Sending money to and from New Zealand
The exchange rate that you secure when you want to transfer a significant amount of money overseas, for example the amount you need to purchase your new property in New Zealand, will affect the amount you can spend while in the country. We recommend considering your currency exchange as soon as you decide you want to move to New Zealand and research the best ways to send your money to New Zealand for your move. It pays to find a specialist currency exchange company to make your international payments. They will be able to offer you competitive exchange rates, as well as offering specific currency tools such as a ‘forward trade’, which allows you to secure the right exchange rate in advance, or automated orders, which let you make your international payments only when the exchange rate reaches the exchange rate that best suits you. This will allow you to move forward with price certainty, no matter what happens with the exchange rates in the future. Your specialist currency consultant will be able to monitor the markets for you constantly so that you can ensure you are making the most from your money and minimising the risks of exchange rate fluctuations.
Removals for your move to New Zealand
Arranging for removals firms to visit your home and offer you quotes for shipping your belongings should not be left to the last minute. By taking this step early you can be sure of a competitive deal and ensure you select the firm you feel most confident entrusting your treasured belongings with. When making your selection it is important to check your preferred removal company holds the international movers’ quality standards marque – FAIM (FIDI Accredited International Mover). New Zealand has specific rules on what you can and can’t take with you (or what will incur hefty custom costs). A good removal company will be able to advise you on what’s worth shipping and what isn’t.

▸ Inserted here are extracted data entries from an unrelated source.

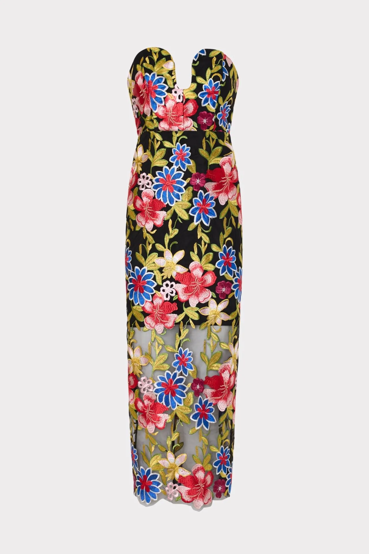 This Sleek Strapless Dress Style Features Our Signature Floral Mesh Embroidery That Serves As An Overlay To Reveal Bare Legs Past The Knee. For Spring, It’S Done In Our Bold, New Spanish Garden Floral Print.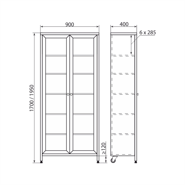 - Высота: 1700 мм или 1950 мм (модели с разной высотой отличаются количеством полок)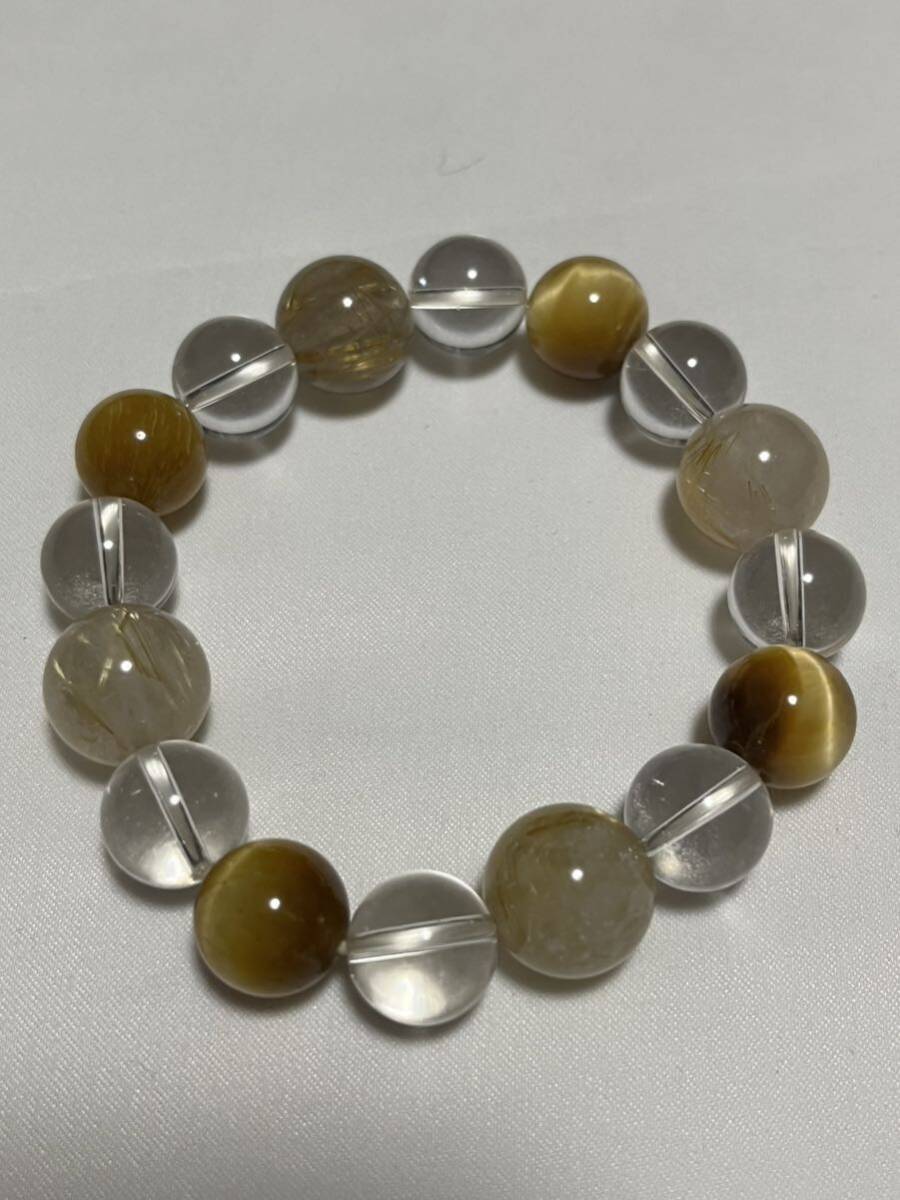 - 天然石 ルチルクォーツ パワーストーン ブレスレット 水晶 タイガーアイ 開運 金運 腕周り 約15cm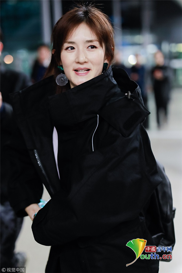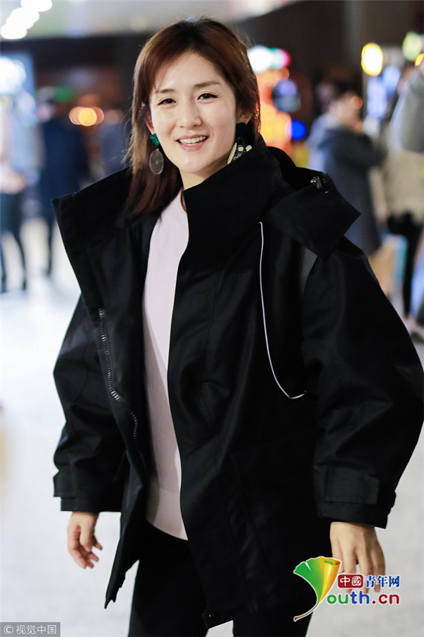 11月20日,湖南省長沙市,謝娜抵達長沙機場,一身黑衣酷感,遇到粉絲熱情揮手,她編著小辮露出甜笑,少女感爆棚!

Moving your pets to New Zealand
If you want to take your furry, feathered or even scaled family members with you, then you will need to find out the rules to move them to New Zealand. There is a significant yet vulnerable agricultural industry here, and as such there are strict rules on moving animals there. Dogs, cats and horses are generally the only pets allowed into both countries – and even then some breeds may be forbidden. It’s therefore incredibly important to make sure that you speak to a pet transportation specialist in advance, to ensure you are up to date with all rules and regulations.
Schools and colleges in New Zealand
Generally, children in New Zealand begin school on their fifth birthday – or on the nearest school day after it. However, school does not become compulsory until the age of six.
The majority of children here stay in education until they are 18, but your child can choose to leave school when they are 16 and with parental and/or school permission may even be allowed to finish their education at 15 if they have a full-time job lined up. Usually only children who are deemed to have found school a struggle throughout will be awarded permission to finish a year early.
The main qualification is called the National Educational Achievement Certificate (NEAC). There are three levels of NEAC: Level 1 (which is studied for in Year 11 – when your child is 16); Level 2 (Year 12); and Level 3 (Year 13). The award of any NEAC is dependent on your child earning enough credits in that particular academic year. Credits are awarded for completing courses and the standard of work they produce.
According to the most recent data released by the New Zealand Ministry of Education, 74 per cent of school leavers hold a NEAC Level 2 or above.
New Zealand Healthcare Services
Publicly funded healthcare is available for all permanent residents of New Zealand – or for holders of work permits lasting more than two years. To gain access to public healthcare you simply need to register with a local GP.
Publicly funded healthcare, however, does not necessarily mean ‘free’. While a number of healthcare service procedures in NZ do come without cost – including most hospital treatment, children’s immunisations and healthcare during pregnancy and labour – things like prescription drugs, ambulance services and even visits to your GP incur costs (although fees for children under 6 are often waived).
You can save money on these procedures by joining a Primary Health Organisation – a government-funded body which is operated by the District Health Boards. These are free for all NZ residents to join.
If you are only a temporary resident of the country (i.e. your permit only allows you to live in the country for less than two years) then you will need to take out private health insurance.